The modd2_visualize_frame expects eight required input parameters (dataset path, path to segmentation masks, method name, author name, sequence number, frame number, use rectified images (boolean), type of visualization (0 - for qualitative comparison, 1 - for video). Generating a single frame visualization for qualitative comparison can be done by executing the following command:

modd2_visualize_frame('Projects/Viamaro/dataset_public', ...
                      'Projects/WASR_results', ...
		      'wasr_decoder_4', ...
		      'Bovcon et al.', ...
		      7, 350, 0, 0);

which outputs us the following image:

Generating a single frame visualization for a video can be done by executing the following command:

modd2_visualize_frame('Projects/Viamaro/dataset_public', ...
                      'Projects/WASR_results', ...
		      'wasr_decoder_4', ...
		      'Bovcon et al.', ...
		      7, 350, 0, 1);

which outputs us the following image:

To generate a video visualization we use modd2_generate_video function. It expects six required input parameters (dataset path, path to segmentation masks, method name, author name, sequence number, use rectified images (boolen)). An example call of this function for non-rectified raw images is:

modd2_generate_video('Projects/Viamaro/dataset_public', ...
                      'Projects/WASR_results', ...
		      'wasr_decoder_4', ...
		      'Bovcon et al.', ...
		      7, 0);

Qualitative comparison

Cite this paper

You are kindly asked to cite our corresponding papers if you use provided datasets and/or evaluation scripts:

@inproceedings{bb_iros_2019,
  title={The MaSTr1325 dataset for training deep USV obstacle detection models},
  author={Bovcon, Borja and Muhovi{\v{c}}, Jon and Per{\v{s}}, Janez and Kristan, Matej},
  booktitle={2019 IEEE/RSJ International Conference on Intelligent Robots and Systems (IROS)},
  year={2019},
  pages={3431--3438},
  organization={IEEE}
}
@article{bb_ras_2018,
  title={Stereo obstacle detection for unmanned surface vehicles by {IMU}-assisted semantic segmentation},
  author={Bovcon, Borja and Muhovi{\v{c}}, Jon and Per{\v{s}}, Janez and Kristan, Matej},
  journal={Robotics and Autonomous Systems},
  volume={104},
  pages={1--13},
  year={2018},
  publisher={Elsevier}
}

References

[1] Bovcon, Borja, et al. "The MaSTr1325 dataset for training deep USV obstacle detection models"
IEEE/RSJ International Conference on Intelligent Robots and Systems (2019): 3431-3438.
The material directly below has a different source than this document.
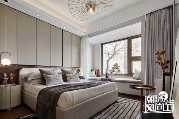 金属分隔条因势顺延至主卧,天花吊顶采用特意研发的侧边发光槽,床头则以金属网的内凹形式,呈现更广阔、丰盈的局面。硬朗的线条与圆润的软装摆件互为衬托,中性的色调、柔和的触感,自成一副恬静之态。

[2] Bovcon, Borja, et al."Stereo obstacle detection for unmanned surface vehicles by {IMU}-assisted semantic segmentation"
Robotics and Autonomous Systems 104 (2018): 1-13.

[3] Kristan, Matej, et al. "Fast Image-Based Obstacle Detection from Unmanned Surface Vehicles."
IEEE Transactions on cybernetics 46.3 (2015): 641-654.

[4] Everingham, Mark, et al. "The Pascal Visual Object Classes (VOC) Challenge."
International Journal of Computer Vision 88.2 (2010): 303-338.